Is the function defined by
$f(x)=\left\{\begin{array}{l}x+5, \text { if } x \leq 1 \\ x-5, \text { if } x>1\end{array}\right.$
a continuous function?
The given function is $f(x)=\left\{\begin{array}{l}x+5, \text { if } x \leq 1 \\ x-5, \text { if } x>1\end{array}\right.$
The given function f is defined at all the points of the real line.

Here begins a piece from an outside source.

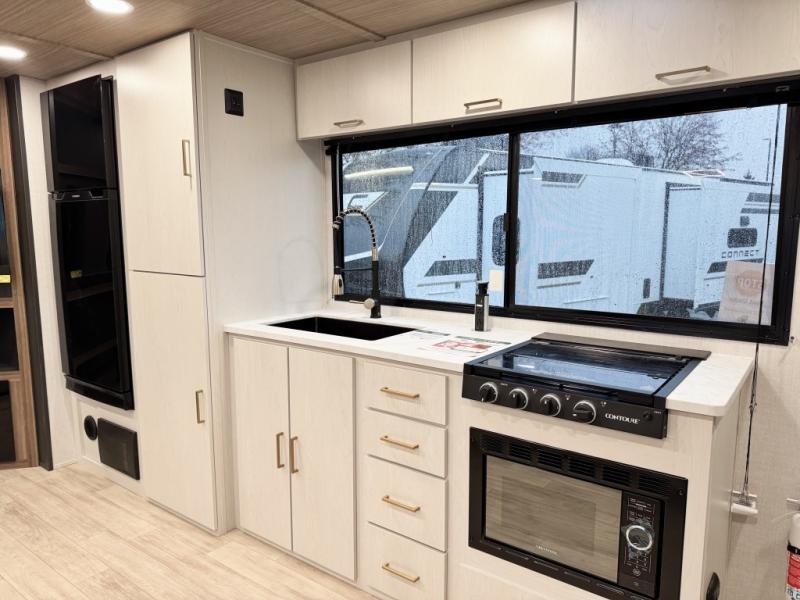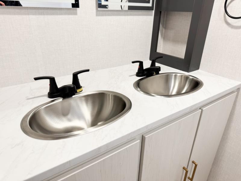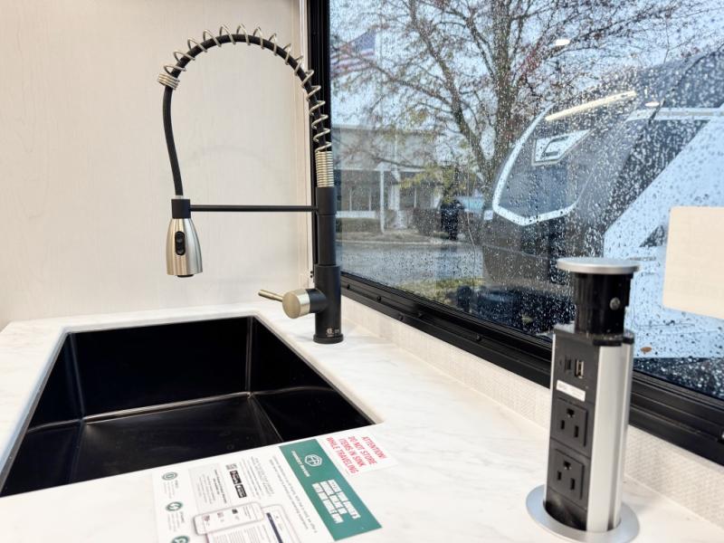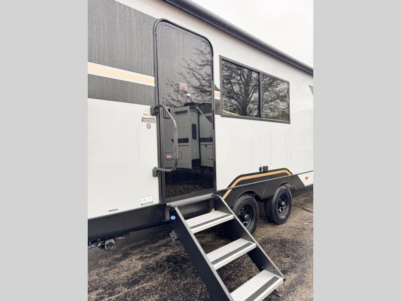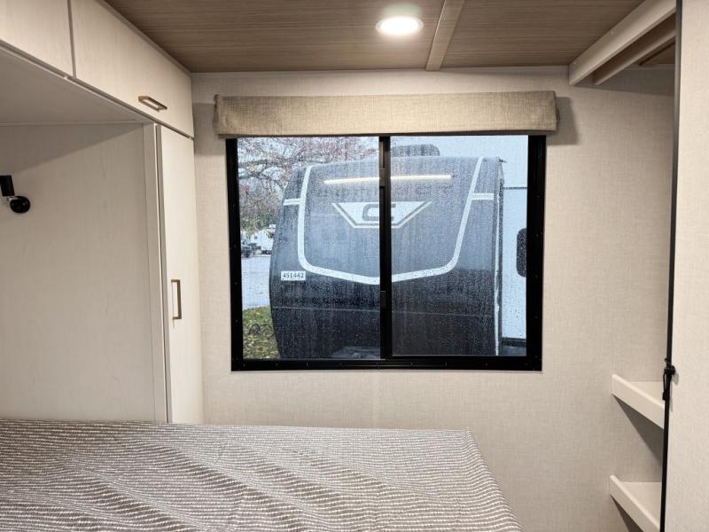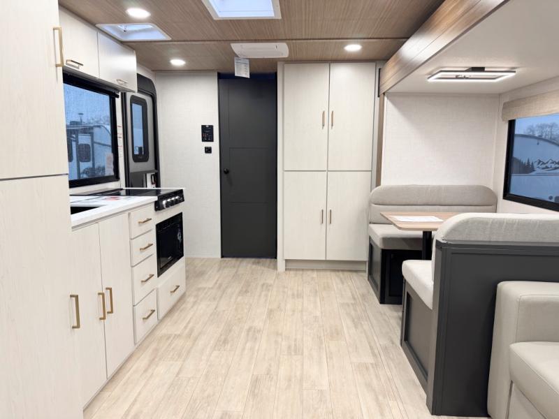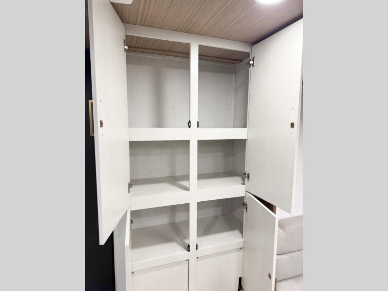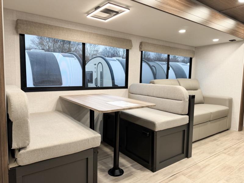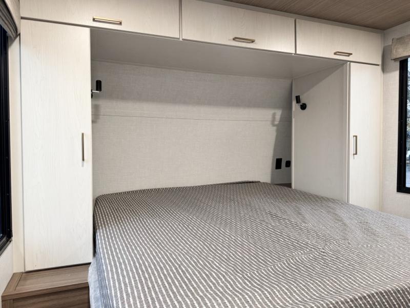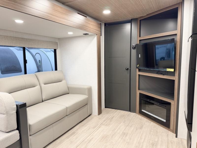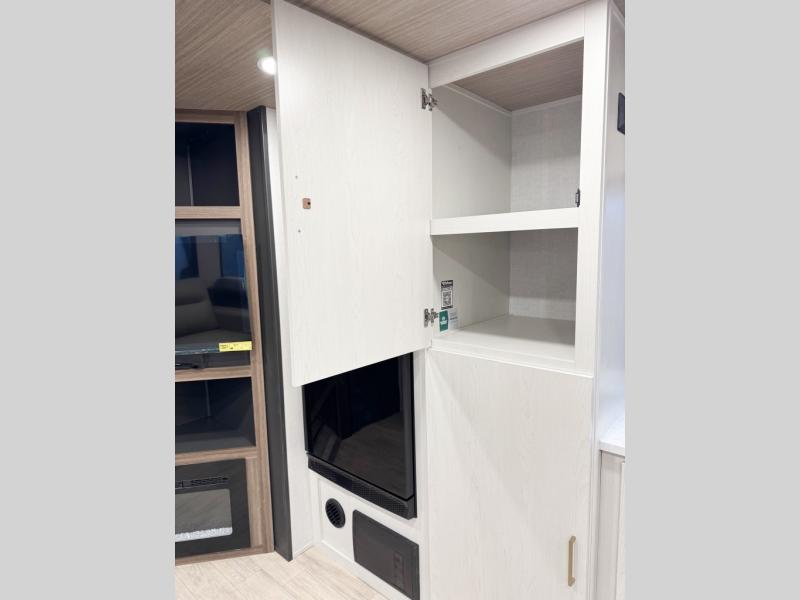 You will love camping every other weekend in this spacious travel trailer. There is a full rear bath with a spacious shower and linen closet for towels and toiletries. Your crew can get comfortable on the theater seating across from the entertainment center, and it even swings open to reveal hidden pantry storage. Easily prepare your meals in the kitchen on the three burner cooktop, or in the oven. There is also a 12V refrigerator, plus a microwave for meals on the go. When you're ready to call it a night, the front private bedroom is sure to provide comfort with its custom king bed, wardrobe, and underbed storage.
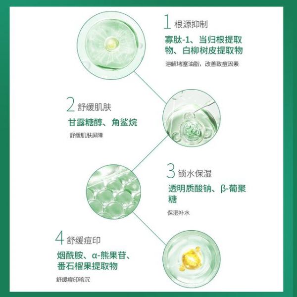簡(jiǎn)如祛痘凍干粉精華蘊(yùn)含聚谷氨酸、3-鄰-乙基壞血酸、水楊酸、煙酰胺、角鯊?fù)?、a-熊果苷、番石榴果提取物、當(dāng)歸根提取物、白柳樹皮提取物、透明質(zhì)酸鈉北美金縷梅提取物、海藻糖、苦參提取物、茶葉提取物等專利成分提取,能夠從根源抑制痘痘的生成,能夠加快痘痘成熟剝脫,淡化痘印,平滑肌膚,能夠調(diào)節(jié)肌膚油脂分泌,達(dá)到水油平衡的效果,從而持久抑痘。

Let c be a point on the real line.
Case I:
If $c<1$, then $f(c)=c+5$ and $\lim _{x \rightarrow c} f(x)=\lim _{x \rightarrow c}(x+5)=c+5$
$\therefore \lim _{x \rightarrow c} f(x)=f(c)$
Therefore, f is continuous at all points x, such that x < 1
Case II:
If $c=1$, then $f(1)=1+5=6$
The left hand limit of f at x = 1 is,
$\lim _{x \rightarrow 1^{-}} f(x)=\lim _{x \rightarrow 1^{-}}(x+5)=1+5=6$
The right hand limit of f at x = 1 is,
$\lim _{x \rightarrow 1^{+}} f(x)=\lim _{x \rightarrow 1^{\prime}}(x-5)=1-5=-4$
It is observed that the left and right hand limit of f at x = 1 do not coincide.
Therefore, f is not continuous at x = 1
Case III:
If $c>1$, then $f(c)=c-5$ and $\lim _{x \rightarrow c} f(x)=\lim _{x \rightarrow c}(x-5)=c-5$
$\therefore \lim _{x \rightarrow c} f(x)=f(c)$
Therefore, $f$ is continuous at all points $x$, such that $x>1$
Thus, from the above observation, it can be concluded that x = 1 is the only point of discontinuity of f.